Within three years, Israel and Palestine were in negotiations that resulted in the Oslo Accords.
The Second Intifada, from 2000-2005, was much more violent. Palestinians felt that both their own government, and Israel's, had failed them. Hamas had spent the intervening time learning and growing.
In the First Intifada, Palestinians "still had a political project; the second manifested a pure despair that now distrusted politics. Hence, the second Intifada provided a context for a blood feast of suicide terrorism that sometimes seemed to seek death for death’s sake."
1,000 Israelis and 3,000 Palestinians died as a result.
2001 marked the largest number of Palestinian deaths at Israeli hands in any one year -- until 2023.

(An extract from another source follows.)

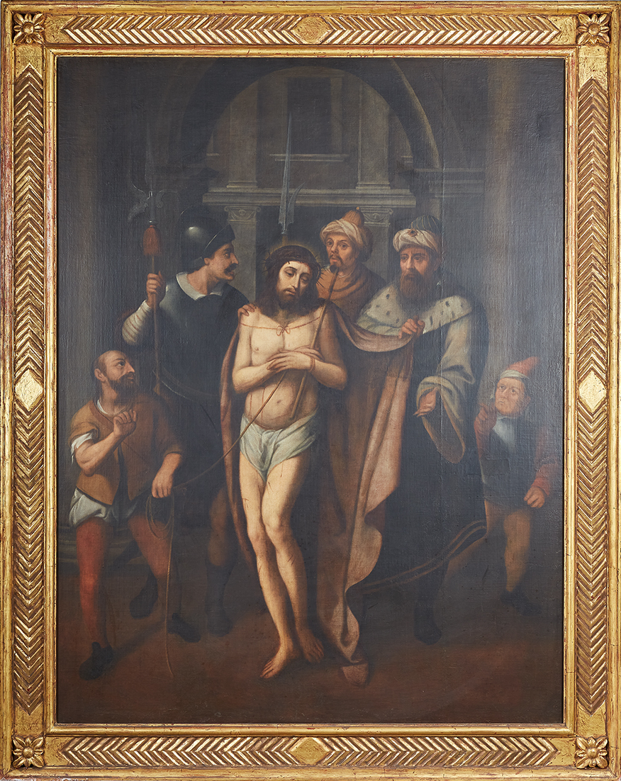 Formato rectangular vertical. Centro primer plano: Cristo de pie, con la pierna izquierda levemente flexionada y las manos superpuestas sobre el tórax; con la derecha sostiene una caña. Marcas de latigazos en el cuerpo. Cabeza levemente girada a su izquierda, cabello castaño al hombro, coronado con espinas, mirada hacia abajo, nariz recta, barba redondeada. Viste manto café, atado al cuello con una cuerda delgada y perizoma blanco. A su derecha, un enano, de perfil derecho, que mira a Jesús, cabello y barba cortos, saco de manga corta ocre, jubón blanco y calzas rojas, zapatos negros; su mano derecha hace un gesto y con la izquierda tiene enrollada la cuerda de la capa. A su izquierda un soldado de pie, perfil derecho, tez clara, cejas pobladas y bigote negros. Casco morrión, camisa blanca, coraza, faldilla y botas cafés. Con la mano derecha sostiene una alabarda, la mano izquierda sobre el hombro derecho de Jesús. Detrás, a la izquierda de Jesús, un hombre levemente girado a su derecha. Lleva gorro ocre con turbante blanco, ojos cafés, barba estilo imperial, manto ocre. Sostiene en su mano derecha una lanza. A su izquierda, hombre de pie, con gorro azul con líneas doradas y turbante blanco, al centro broche dorado y piedra azul. Tez clara, ojos y barba larga poblada. Viste túnica a media pierna con dos líneas doradas en el orillo; mangas anchas blancas, manto de armiño y botas café. Con la mano izquierda sostiene levantado el manto de Jesús. Al extremo derecho, un enano, de pie, con la pierna izquierda adelantada. Su cabeza girada hacía Jesús. Lleva gorro alto rojo con borde blanco, tez clara, ojos cafés, nariz aguileña, boca pequeña cerrada. Camisa blanca, chaleco gris y mangas rojas, calzas ocres y zapatos negros. Con el dedo índice de su mano izquierda señala a Jesús. Al fondo, una arquitectura enmarcada por un arco. Suelo terracota.

But that was not a genocide.
The massive number of suicide bombings during the Second Intifada is also why Israel began to build border walls.
In 2005, Israel unilaterally decided to dismantle all its settlements in Gaza and withdraw all its troops.
In 2007, Hamas staged a violent coup, kicking the Palestinian government out of Gaza and running it as a far-right fundamentalist dictatorship. This prompted both Egypt and Israel to close their borders with Gaza.
Hamas has started every single war Israel has been in since then, and broken every ceasefire they've had.
In fact, Israel has never been at war with Palestine.
Only with Hamas, in Gaza.
Hamas has been claiming ongoing genocide since 1988, with no examples or arguments for that.
Meanwhile, the population of Palestine has only grown, and its life expectancy is now equal to that of the U.S.
That's where the claim now, of almost 80 years of genocide, comes from: Groundless Hamas propaganda.
The Israeli Genocide Force has got to be the most pathetic "fighting force" in history. "Hungry people showed up to get an announced flour distribution, and we were so SCARED we had to kill 150 of them (many of them children) and wound a bunch of others while they were running away!"
If you're still pro-Israel, fuck you. Zionism as practiced by Israel is basically just Naziism directed at a different target. If that objectively accurate statement offends you, go fuck yourself; you're a shitty person.
And if you think it's antisemitic to oppose Israel and its nearly 8 decades of genocide against Palestinians, you're not worth even attempting a conversation with. Netanyahitler is not some kind of "Jewish pope," dumbass, and Zionist does not equal Jew.
Israel is a white colonialist ethnostate based on genocide and ethnic cleansing, and should not exist. Period. "But where would Jews go if not for Israel?" There were plenty of Jews in Palestine before Europeans invaded and kicked them out of their homes and businesses and land for being brown. If the white invaders have a problem with giving back what they stole, that's a them problem.
Israeli bootlickers and genocide enthusiasts try to frame Palestinians striking back after nearly 80 years of oppression as "violence against Jews," when it's no more "Jew-targeted violence" than Native Americans opposing the European invaders was "Christian-targeted violence."
Oh, and if you believe ANY Israeli propaganda after all the lies they've been forced to admit to, you don't have the critical thinking skills of a rock.
TL;DR: Love Jews, love Palestinians, hate Israel and the IGF with the passion of a million burning suns.